Video Game: Need for Speed: Most Wanted
Angus Morrison reviews a solid albeit not revolutionary racer
Original creations from major names have been scarce this year, and the final quarter of 2012 is looking little different. Call of Duty: Black Ops 2, Assassin’s Creed 3, Halo 4 and others will all be filling Christmas stockings in the foreseeable future. Big-budget games from the most virile developers. Need for Speed: Most Wanted by Criterion Games fits the mould well. The franchise is well established, stretching all the way back to 1994, and delivers precisely what one might expect from the genre: high-speed racing, brutal crashes, and a handful of miffed traffic wardens. Nothing revolutionary, then.
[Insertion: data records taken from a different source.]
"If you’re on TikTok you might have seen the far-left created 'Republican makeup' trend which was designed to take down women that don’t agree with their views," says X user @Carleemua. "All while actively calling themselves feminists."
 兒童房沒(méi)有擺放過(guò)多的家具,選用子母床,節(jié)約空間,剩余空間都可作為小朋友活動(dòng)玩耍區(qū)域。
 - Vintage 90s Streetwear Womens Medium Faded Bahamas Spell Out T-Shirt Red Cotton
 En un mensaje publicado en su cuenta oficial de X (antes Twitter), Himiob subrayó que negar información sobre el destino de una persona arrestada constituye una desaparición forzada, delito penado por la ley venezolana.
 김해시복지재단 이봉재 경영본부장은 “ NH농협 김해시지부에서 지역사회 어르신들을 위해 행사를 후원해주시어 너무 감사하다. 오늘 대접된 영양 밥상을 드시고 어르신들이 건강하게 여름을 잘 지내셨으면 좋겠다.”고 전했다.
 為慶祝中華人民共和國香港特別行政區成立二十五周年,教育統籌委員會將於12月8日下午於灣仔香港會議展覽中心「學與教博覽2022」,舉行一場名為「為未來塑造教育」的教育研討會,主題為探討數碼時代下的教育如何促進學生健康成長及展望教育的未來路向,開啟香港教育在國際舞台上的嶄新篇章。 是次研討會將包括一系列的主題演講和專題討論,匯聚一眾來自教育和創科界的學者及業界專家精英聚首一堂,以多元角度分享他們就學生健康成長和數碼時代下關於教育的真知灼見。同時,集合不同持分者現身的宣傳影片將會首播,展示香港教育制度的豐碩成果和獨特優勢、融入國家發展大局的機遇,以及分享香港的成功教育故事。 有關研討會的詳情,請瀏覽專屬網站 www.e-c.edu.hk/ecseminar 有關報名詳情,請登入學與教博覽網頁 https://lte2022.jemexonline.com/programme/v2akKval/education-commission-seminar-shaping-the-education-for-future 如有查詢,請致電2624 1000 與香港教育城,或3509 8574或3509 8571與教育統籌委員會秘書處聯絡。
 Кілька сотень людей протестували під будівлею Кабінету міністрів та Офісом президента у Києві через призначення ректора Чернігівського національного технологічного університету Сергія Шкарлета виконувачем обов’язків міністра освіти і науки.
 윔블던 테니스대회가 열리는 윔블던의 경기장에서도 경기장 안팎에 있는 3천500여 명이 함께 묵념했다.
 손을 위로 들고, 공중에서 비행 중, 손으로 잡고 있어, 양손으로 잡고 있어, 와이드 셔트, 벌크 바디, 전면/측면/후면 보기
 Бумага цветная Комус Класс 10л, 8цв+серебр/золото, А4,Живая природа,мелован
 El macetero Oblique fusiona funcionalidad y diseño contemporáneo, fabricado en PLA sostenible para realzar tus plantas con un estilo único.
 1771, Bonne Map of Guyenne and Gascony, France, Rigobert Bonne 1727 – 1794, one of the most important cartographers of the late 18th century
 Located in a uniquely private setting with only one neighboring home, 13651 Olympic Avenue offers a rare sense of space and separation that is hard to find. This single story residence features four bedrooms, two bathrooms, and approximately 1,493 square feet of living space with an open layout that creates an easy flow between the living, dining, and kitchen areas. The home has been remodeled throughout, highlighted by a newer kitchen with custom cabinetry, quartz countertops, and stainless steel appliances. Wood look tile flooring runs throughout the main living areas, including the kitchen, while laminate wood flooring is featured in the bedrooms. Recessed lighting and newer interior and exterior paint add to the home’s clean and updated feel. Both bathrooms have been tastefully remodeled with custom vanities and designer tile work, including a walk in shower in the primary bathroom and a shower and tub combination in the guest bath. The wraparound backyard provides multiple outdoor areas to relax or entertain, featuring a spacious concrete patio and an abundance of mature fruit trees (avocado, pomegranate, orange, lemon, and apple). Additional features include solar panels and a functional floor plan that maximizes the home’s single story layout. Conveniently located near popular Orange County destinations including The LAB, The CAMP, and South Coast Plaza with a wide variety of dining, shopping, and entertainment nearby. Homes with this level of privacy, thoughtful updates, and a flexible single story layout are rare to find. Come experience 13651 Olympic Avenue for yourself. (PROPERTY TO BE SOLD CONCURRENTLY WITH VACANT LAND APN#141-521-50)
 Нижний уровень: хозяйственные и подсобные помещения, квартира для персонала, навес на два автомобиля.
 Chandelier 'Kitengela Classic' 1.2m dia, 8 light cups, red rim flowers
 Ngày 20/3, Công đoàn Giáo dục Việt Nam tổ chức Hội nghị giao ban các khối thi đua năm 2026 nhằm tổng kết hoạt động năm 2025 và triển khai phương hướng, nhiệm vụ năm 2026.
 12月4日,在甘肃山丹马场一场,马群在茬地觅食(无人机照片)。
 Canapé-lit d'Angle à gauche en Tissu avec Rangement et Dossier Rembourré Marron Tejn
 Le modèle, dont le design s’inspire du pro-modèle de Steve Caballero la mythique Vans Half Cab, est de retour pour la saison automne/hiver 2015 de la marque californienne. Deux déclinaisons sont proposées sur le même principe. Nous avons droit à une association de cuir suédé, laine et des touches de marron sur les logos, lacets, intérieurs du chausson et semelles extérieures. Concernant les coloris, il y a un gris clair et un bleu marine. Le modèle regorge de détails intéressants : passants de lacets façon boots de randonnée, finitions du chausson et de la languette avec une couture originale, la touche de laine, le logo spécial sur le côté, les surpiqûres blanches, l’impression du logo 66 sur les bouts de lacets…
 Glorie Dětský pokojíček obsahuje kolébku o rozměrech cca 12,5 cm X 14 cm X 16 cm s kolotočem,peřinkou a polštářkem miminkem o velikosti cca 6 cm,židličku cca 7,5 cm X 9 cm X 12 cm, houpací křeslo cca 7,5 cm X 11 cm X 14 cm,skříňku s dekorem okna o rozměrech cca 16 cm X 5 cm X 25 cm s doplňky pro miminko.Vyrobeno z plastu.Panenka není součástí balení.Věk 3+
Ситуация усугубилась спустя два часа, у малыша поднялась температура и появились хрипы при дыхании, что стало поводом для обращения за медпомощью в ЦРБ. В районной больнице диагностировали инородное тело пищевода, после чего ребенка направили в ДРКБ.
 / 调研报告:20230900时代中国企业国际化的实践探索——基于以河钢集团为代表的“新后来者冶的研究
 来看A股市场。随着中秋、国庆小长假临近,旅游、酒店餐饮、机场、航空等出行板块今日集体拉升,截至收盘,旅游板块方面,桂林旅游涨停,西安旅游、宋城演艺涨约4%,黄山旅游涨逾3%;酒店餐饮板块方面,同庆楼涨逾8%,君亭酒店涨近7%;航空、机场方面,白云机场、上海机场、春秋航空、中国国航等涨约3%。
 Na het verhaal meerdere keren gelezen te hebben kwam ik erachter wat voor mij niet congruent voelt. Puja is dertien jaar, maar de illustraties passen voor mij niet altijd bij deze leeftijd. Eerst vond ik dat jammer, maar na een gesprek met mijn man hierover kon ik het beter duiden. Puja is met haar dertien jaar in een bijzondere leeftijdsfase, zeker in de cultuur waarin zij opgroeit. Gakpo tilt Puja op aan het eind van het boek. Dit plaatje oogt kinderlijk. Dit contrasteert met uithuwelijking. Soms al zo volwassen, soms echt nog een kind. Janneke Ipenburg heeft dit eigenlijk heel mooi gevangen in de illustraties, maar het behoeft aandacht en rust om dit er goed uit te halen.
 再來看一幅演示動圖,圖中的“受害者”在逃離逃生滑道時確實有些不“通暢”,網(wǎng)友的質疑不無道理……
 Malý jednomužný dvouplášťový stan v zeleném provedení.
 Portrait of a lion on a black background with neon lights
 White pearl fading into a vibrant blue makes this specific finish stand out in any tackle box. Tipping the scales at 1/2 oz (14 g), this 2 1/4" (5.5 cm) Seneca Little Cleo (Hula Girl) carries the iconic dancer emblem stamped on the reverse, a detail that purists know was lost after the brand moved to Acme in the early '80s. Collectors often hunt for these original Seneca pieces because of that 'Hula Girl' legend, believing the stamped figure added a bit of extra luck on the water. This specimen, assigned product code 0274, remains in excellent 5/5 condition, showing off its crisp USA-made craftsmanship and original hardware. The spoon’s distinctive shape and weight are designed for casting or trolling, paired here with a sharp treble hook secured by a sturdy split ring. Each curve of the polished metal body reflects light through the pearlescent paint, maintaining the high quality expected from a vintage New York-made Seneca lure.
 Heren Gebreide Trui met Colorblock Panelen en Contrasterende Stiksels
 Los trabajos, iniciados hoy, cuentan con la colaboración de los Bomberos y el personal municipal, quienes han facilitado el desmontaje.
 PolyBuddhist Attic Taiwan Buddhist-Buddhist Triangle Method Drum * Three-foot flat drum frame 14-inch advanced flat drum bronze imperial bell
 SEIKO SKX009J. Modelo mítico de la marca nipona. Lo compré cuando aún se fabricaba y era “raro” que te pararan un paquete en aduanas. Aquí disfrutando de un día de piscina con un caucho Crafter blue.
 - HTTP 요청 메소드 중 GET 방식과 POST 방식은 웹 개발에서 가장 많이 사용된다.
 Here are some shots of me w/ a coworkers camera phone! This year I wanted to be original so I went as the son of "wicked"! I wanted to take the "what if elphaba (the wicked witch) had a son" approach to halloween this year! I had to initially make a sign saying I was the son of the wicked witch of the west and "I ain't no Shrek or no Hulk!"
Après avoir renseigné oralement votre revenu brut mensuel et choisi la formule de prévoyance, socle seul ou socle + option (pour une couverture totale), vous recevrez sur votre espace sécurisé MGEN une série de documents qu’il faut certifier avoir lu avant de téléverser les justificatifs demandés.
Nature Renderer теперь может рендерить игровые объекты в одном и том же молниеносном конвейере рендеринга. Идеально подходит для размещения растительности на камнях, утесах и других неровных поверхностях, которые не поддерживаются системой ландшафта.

This isn’t a criticism – while it won’t be winning prizes for character development, Most Wanted represents the best in a restrictive class.
The first thing to note is the immediacy of the experience. Without so much as a minute’s introduction you find yourself behind the wheel of an anatomically correct Aston Martin and picking up speed. The pace of the game is defined in these opening moments. All major options are accessed on-the-fly from Most Wanted’s EasyDrive menu: races, vehicles, customization and multiplayer are perpetually at your fingertips. Accessing the system menus is sometimes accompanied by irksome loading, though this is perhaps an artefact of half-hearted porting to PC and not representative of the 360, PS3 and mobile versions also available. In the same vein, what few cinematic sections there are feel a jarring shift in gear, but this is a minor fault; NFS is fast and relentless.
Criterion wield their lighting engine masterfully – saturated colour and elegant reflections excite the eye and lend vibrancy to a world built on a simple premise. The audiophile is spoilt too, and those with high-end speakers will find great pleasure in the mighty – and entirely accurate – thrum of 32 different engines. For the casual listener, the soundtrack presents a powerful assortment of music old and new, including tracks from Muse, Dizzee Rascal and The Who to complement the music of combustion.
One does question the peculiar brand of logic possessed by the police department, however. Intent on protecting the public from reckless joy-riding, the cops agree that gratuitous ramming is the best way to bring your car to a screeching halt. What they don’t factor in are the pile-ups they cause by making a bee-line through four lanes of civilian traffic. With this exception, the AI is largely believable. Races feel organic and present an enjoyable challenge; frustration comes as a result of player error, not poor design.
There’s a storyline, of sorts, but it knows its place, and rarely deigns to make its presence known. Caught up in a riotous flurry of hurtling metal, there simply isn’t time to care about the town’s remarkable sports car turnover or who’s going to foot the petrol bill. Need for Speed: Most Wanted is a finely-tuned game of simple joys.